*What you are asked to do:* Each line in the material below must be transcribed exactly; no picture belongs in the copy.

*Data shown:*
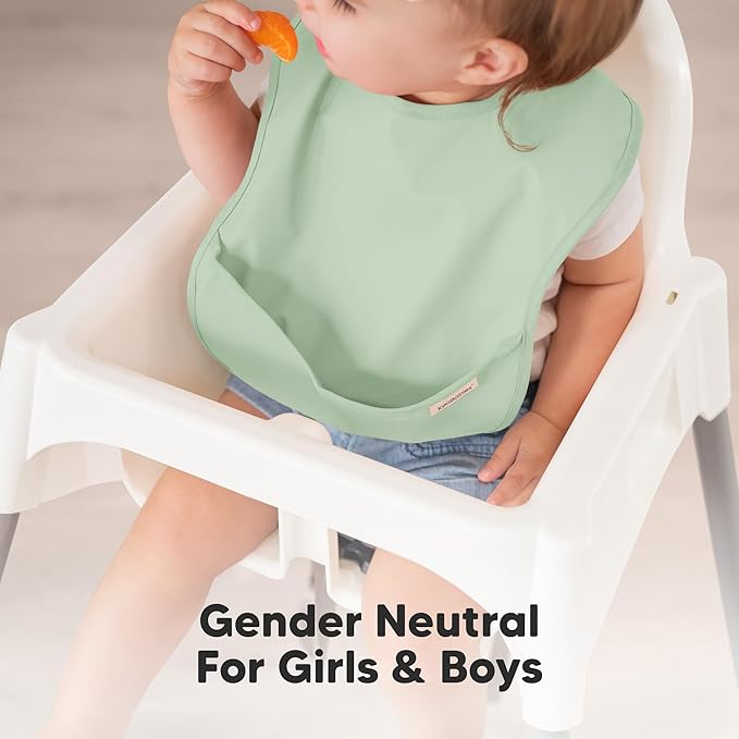 - Covers Upper Chest and Shoulders - Your baby can now enjoy self-feeding without soiling their clothes with the mess-proof bibs. This toddler bib for baby boys and girls comes with a wide food catcher pocket holds fallen food crumbs and purée spills.
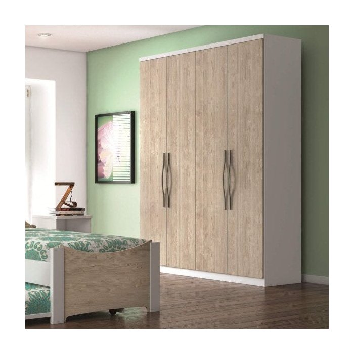 Guarda-Roupa Casal 4 Portas 3 Gavetas Caribe Móveis Rimo Branco/Savana
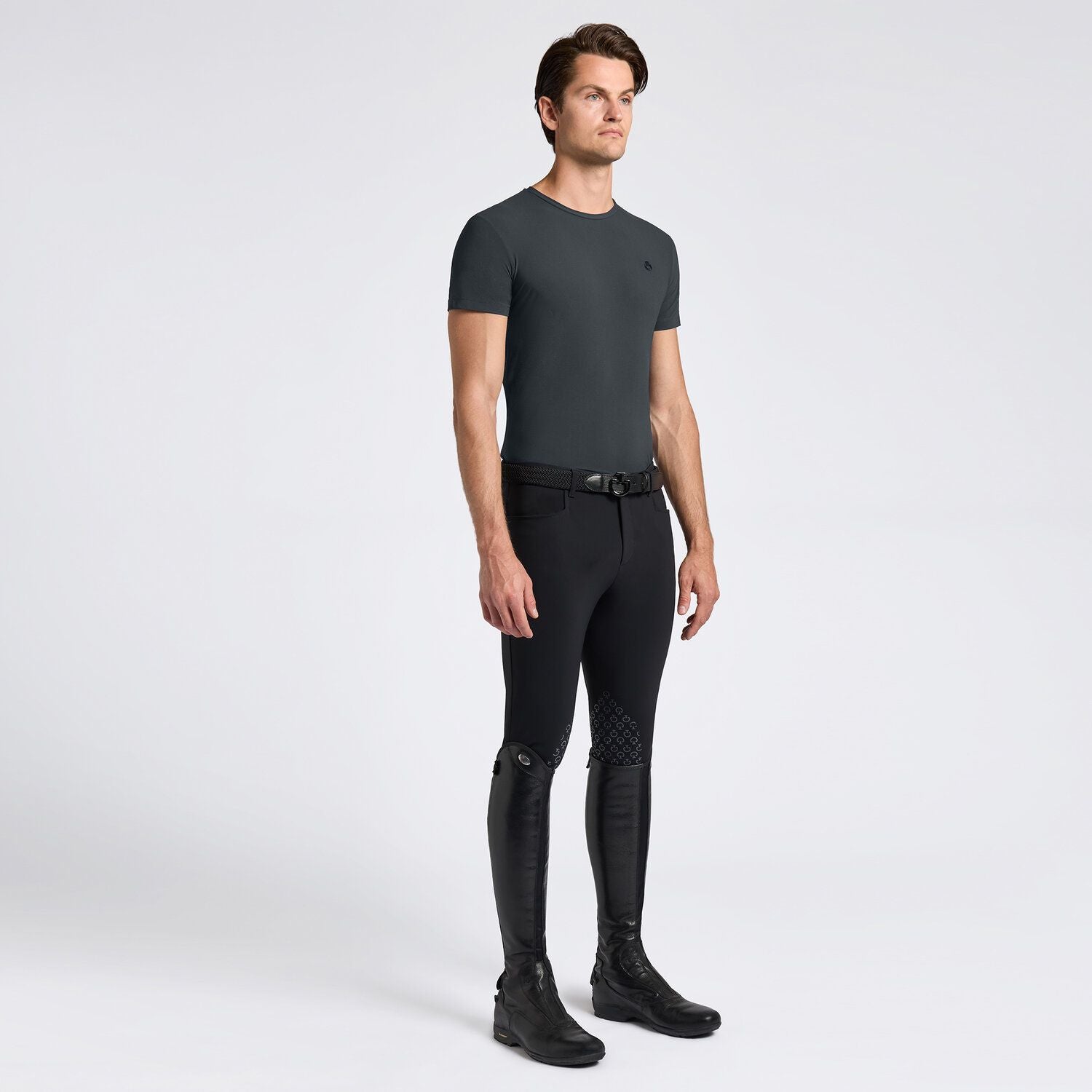 La T-shirt da uomo Cavalleria Toscana è pensata per unire comfort e funzionalità. Realizzata in tessuto tecnico elasticizzato, assicura libertà di movimento e traspirabilità, rendendola perfetta per attività sportive e momenti di relax. Il design minimal è arricchito dal logo CT termo-applicato in rilievo, che aggiunge un tocco moderno e distintivo a questo capo versatile ed essenziale.

*Output for this exercise:*
 - Covers Upper Chest and Shoulders - Your baby can now enjoy self-feeding without soiling their clothes with the mess-proof bibs. This toddler bib for baby boys and girls comes with a wide food catcher pocket holds fallen food crumbs and purée spills.
 Guarda-Roupa Casal 4 Portas 3 Gavetas Caribe Móveis Rimo Branco/Savana
 La T-shirt da uomo Cavalleria Toscana è pensata per unire comfort e funzionalità. Realizzata in tessuto tecnico elasticizzato, assicura libertà di movimento e traspirabilità, rendendola perfetta per attività sportive e momenti di relax. Il design minimal è arricchito dal logo CT termo-applicato in rilievo, che aggiunge un tocco moderno e distintivo a questo capo versatile ed essenziale.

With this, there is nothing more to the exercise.